Post-Training Guide#
This guide provides instructions for post-training Cosmos-Reason1 on the SFT/RL datasets using cosmos-rl (refer to the cosmos-rl documentation documentation for more details).
Setup#
Follow the Installation guide to install system dependencies and clone the Cosmos-Reason1 repository from GitHub
Install the redis package:
pkgm install redis-server # or conda install -c conda-forge redis-server
Set up the post-training environment:
cd examples/post_training just install source .venv/bin/activate
Monitoring#
We recommend using wandb to monitor training.

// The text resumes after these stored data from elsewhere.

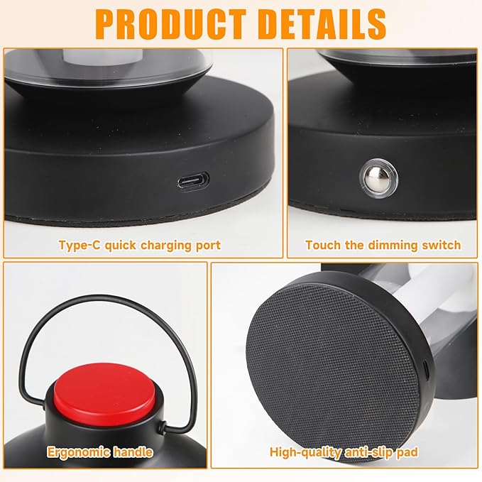- Adjustable Brightness & Touch Control: Easy to dim and turn on and off just by touching the top of the base. Craft the perfect mood with 360Β° dimmable illumination. Choose a soft, warm glow for intimate evenings or crank up the brightness for reading maps, cooking, or outdoor tasks. The warm, yellowish light is gentle on the eyes, creating a welcoming atmosphere wherever you go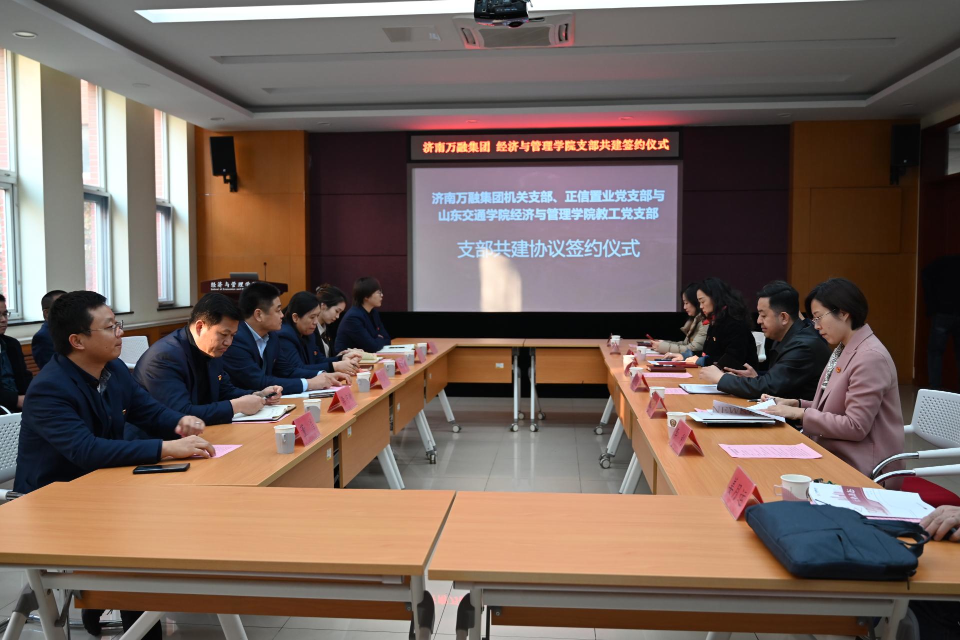 与会人员围绕党建工作创新、组织共建、队伍共建、活动共建等内容深入探讨。经济与管理学院四个教工党支部与济南万融集团机关党支部、正信置业党支部分别签署结对共建协议。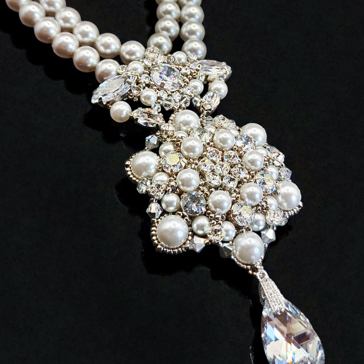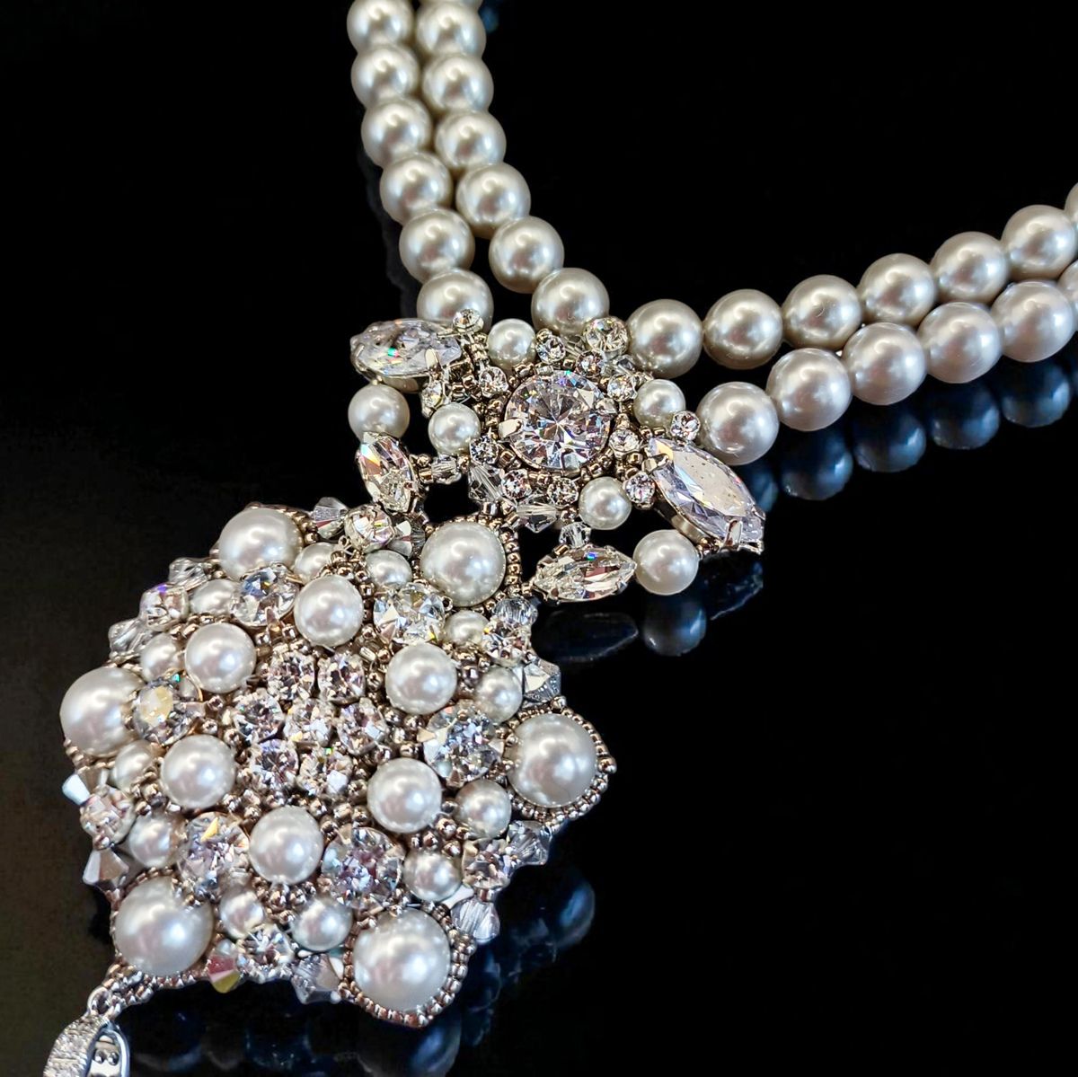 Это колье — воплощение аристократической элегантности и вечной классики. Две изящные нити жемчуга соединяются в роскошный кулон, переливающийся сиянием кристаллов и утончённым блеском жемчужин. Завершающий акцент — каплевидный кристалл, словно луч света, упавший из хрустальной люстры дворца Хофбург.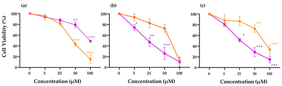 Viability effect of peptides ΔM4 (-■-) and LTX-315 (-●-) at 0, 5, 25, 50, and 100 µM on (a) non-tumoral HaCaT cells, (b) A375 melanoma cells, and (c) A431 carcinoma cells. The differences with respect to non-treated cells were obtained by one-way ANOVA where * p ≤ 0.05, ** p ≤ 0.01, *** p ≤ 0.001.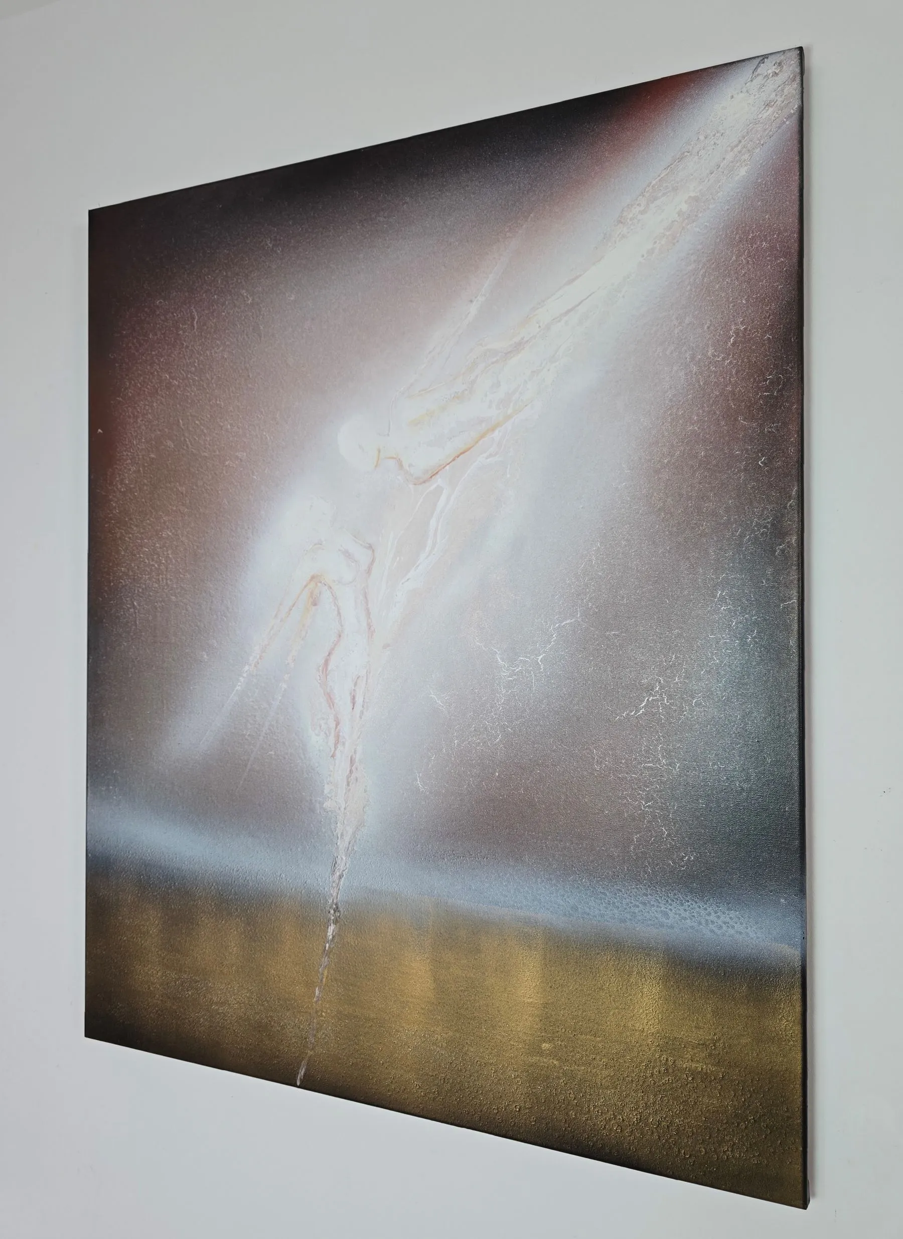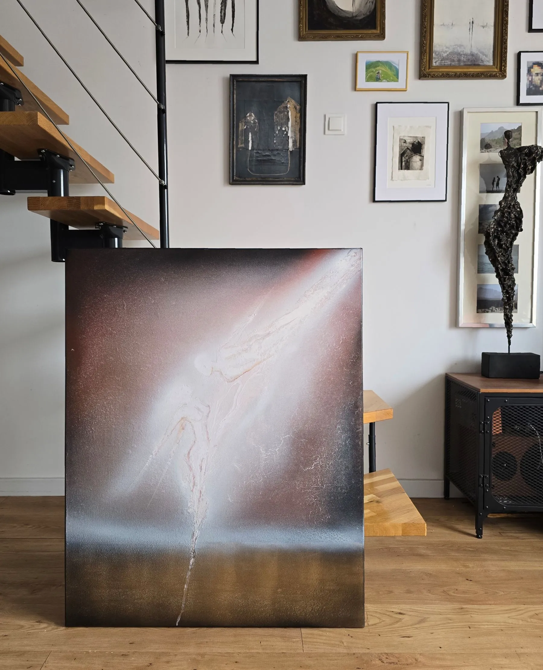 Kompozycja, zbudowana na kontrastach światła i cienia, oddaje potęgę pierwotnych mocy – ognia, powietrza, ziemi i wody – splecionych w jedno. To metaforyczna opowieść o harmonii i napięciu między naturą a człowiekiem, o nieustannym ruchu i przenikaniu się energii, które kształtują życie.

Acquire your WANDB_API_KEY.
Log in to wandb:
uv tool install -U wandb
wandb login
Now, when training you will observe the wandb
link in the logging:
wandb: 🚀 View run at https://wandb.ai/${WANDB_USER_NAME}/${config.logging.project_name}/runs/20250515101157
Training#
Note
Following the below training steps will trigger a download of around 200GB of model and dataset files from Hugging Face.
Ensure that your ~/.cache
directory has enough storage space or that the HF_HOME
and COSMOS_CACHE
environment
variables are set to a directory with enough space.
Supervised Fine-Tuning (SFT)#
SFT training can improve model capability on tasks that have a similar distribution to that of the training dataset:
For example, training with the robovqa
dataset can improve performance with robotics-focused visual question-answering
scenarios.
Configuration#
Configure settings by editing the configs/sft.toml file. The default configuration uses 4 GPUs. Variants include the following:
8 GPUs
[policy.parallelism] dp_shard_size = 8
Training#
Run training as follows:
cosmos-rl --config configs/sft.toml ./tools/dataset/cosmos_sft.py
After training completes, the final output checkpoint can be found in the log:
[rank0]:Exported safetensors to ./outputs/sft/20250516061336/safetensors/final
Reinforcement Learning (RL)#
RL training can improve model reasoning capability on certain tasks with the reasoning training dataset.
Configuration#
Configure settings by editing the configs/rl.toml file. The default configuration uses 4 GPUs. Variants include the following:
8 GPUs
[rollout.parallelism] tp_size = 4 [policy.parallelism] dp_shard_size = 4
Training#
Run training as follows:
cosmos-rl --config configs/rl.toml tools/dataset/cosmos_grpo.py
Similar to SFT training, the final output checkpoint can be found in the log.
Next Steps#
To evaluate the post-trained model, run the Cosmos-Reason1 Benchmark.